The projection of $$\vec{b}$$ onto $$\vec{a}$$ is:

$$\vec{c} = \frac{\vec{b} \cdot \vec{a}}{|\vec{a}|^2} \vec{a}$$

$$\vec{b} \cdot \vec{a} = \lambda(1) + 0(2) + 4(2) = \lambda + 8$$

$$|\vec{a}|^2 = 1 + 4 + 4 = 9$$

$$\vec{c} = \frac{\lambda + 8}{9} \vec{a} = \frac{\lambda + 8}{9}(\hat{i} + 2\hat{j} + 2\hat{k})$$

$$\vec{a} + \vec{c} = \left(1 + \frac{\lambda+8}{9}\right)\vec{a} = \frac{9 + \lambda + 8}{9}\vec{a} = \frac{\lambda + 17}{9}\vec{a}$$

$$|\vec{a} + \vec{c}| = \frac{|\lambda + 17|}{9} |\vec{a}| = \frac{\lambda + 17}{9} \times 3 = \frac{\lambda + 17}{3}$$

(Since $$\lambda > 0$$, $$\lambda + 17 > 0$$)

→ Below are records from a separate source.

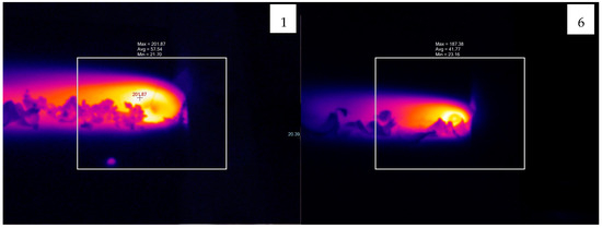 Figure 14 presents the thermal images taken for the highest weld strength obtained after FSW. During the FSW process, the temperature varied between 171.6 °C and 205.76 °C, depending on the tool rotational speed and the material pair. Table 5 shows the highest, lowest, and optimum temperatures recorded during welding (the temperature recorded at the best weld strength). The lowest temperatures recorded during the joining of PLA–PLA, PLA Wood–PLA Wood, and PLA–PLA Wood plates were 194.3 °C, 174.44 °C, and 171.6 °C, respectively, while the highest temperatures were 205.44 °C, 187.38 °C, and 194.16 °C, respectively.
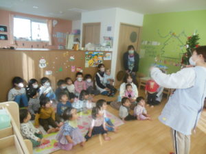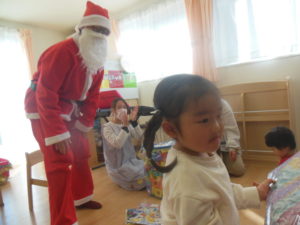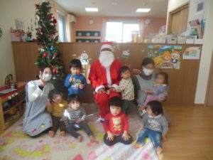 子ども達の歌声に引き寄せられてサンタさんが来てくれました!
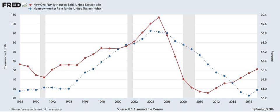 Homeownership numbers clearly show the past housing bubble and bust. An important measure of this cycle’s completion is that the proportion of people owning homes is back to a normal level. That means potential homebuyers and lenders can take this as a sign that the boom’s abnormal risk is gone.
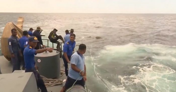 Một sinh vật khổng lồ trôi nổi trên bờ biển Tây Bắc được lực lượng hải quân Sri Lanka phát hiện ra, mà dường như sinh vật khổng lồ này đang phải vật lộn với dòng chảy mạnh mẽ đang phải vật lộn để giữ mình nổi trên mặt biển.
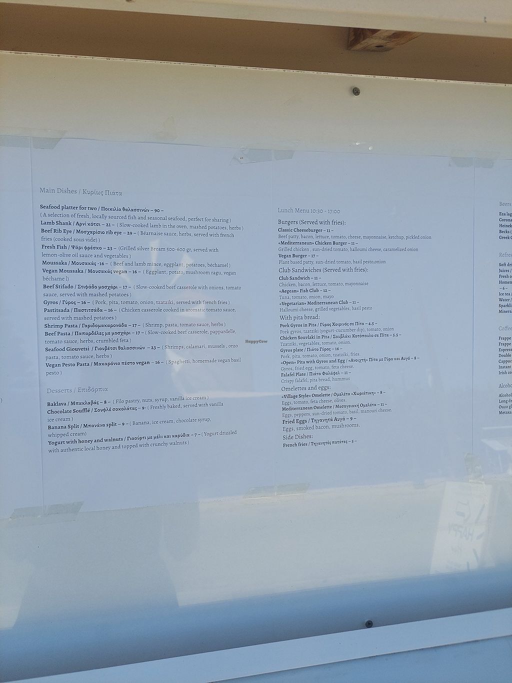 The restaurant is on the rooftop and has a lovely view of the sea. There were only a few vegan options, I chose the moussaka and it was delicious and had clearly been freshly made. We had to wait a while but it was worth it for the scenery and the food.

$$\frac{\lambda + 17}{3} = 7 \implies \lambda = 4$$

$$\vec{b} = 4\hat{i} + 4\hat{k}$$

$$\vec{c} = \frac{4+8}{9}(\hat{i} + 2\hat{j} + 2\hat{k}) = \frac{12}{9}(\hat{i} + 2\hat{j} + 2\hat{k}) = \frac{4}{3}(\hat{i} + 2\hat{j} + 2\hat{k})$$

$$\vec{c} = \frac{4}{3}\hat{i} + \frac{8}{3}\hat{j} + \frac{8}{3}\hat{k}$$

Area = $$|\vec{b} \times \vec{c}|$$

$$\vec{b} \times \vec{c} = \begin{vmatrix} \hat{i} & \hat{j} & \hat{k} \\ 4 & 0 & 4 \\ 4/3 & 8/3 & 8/3 \end{vmatrix}$$

$$= \hat{i}(0 \cdot \frac{8}{3} - 4 \cdot \frac{8}{3}) - \hat{j}(4 \cdot \frac{8}{3} - 4 \cdot \frac{4}{3}) + \hat{k}(4 \cdot \frac{8}{3} - 0)$$

$$= \hat{i}(-\frac{32}{3}) - \hat{j}(\frac{16}{3}) + \hat{k}(\frac{32}{3})$$

$$|\vec{b} \times \vec{c}| = \frac{1}{3}\sqrt{32^2 + 16^2 + 32^2} = \frac{1}{3}\sqrt{1024 + 256 + 1024} = \frac{1}{3}\sqrt{2304} = \frac{48}{3} = 16$$

The area is 16.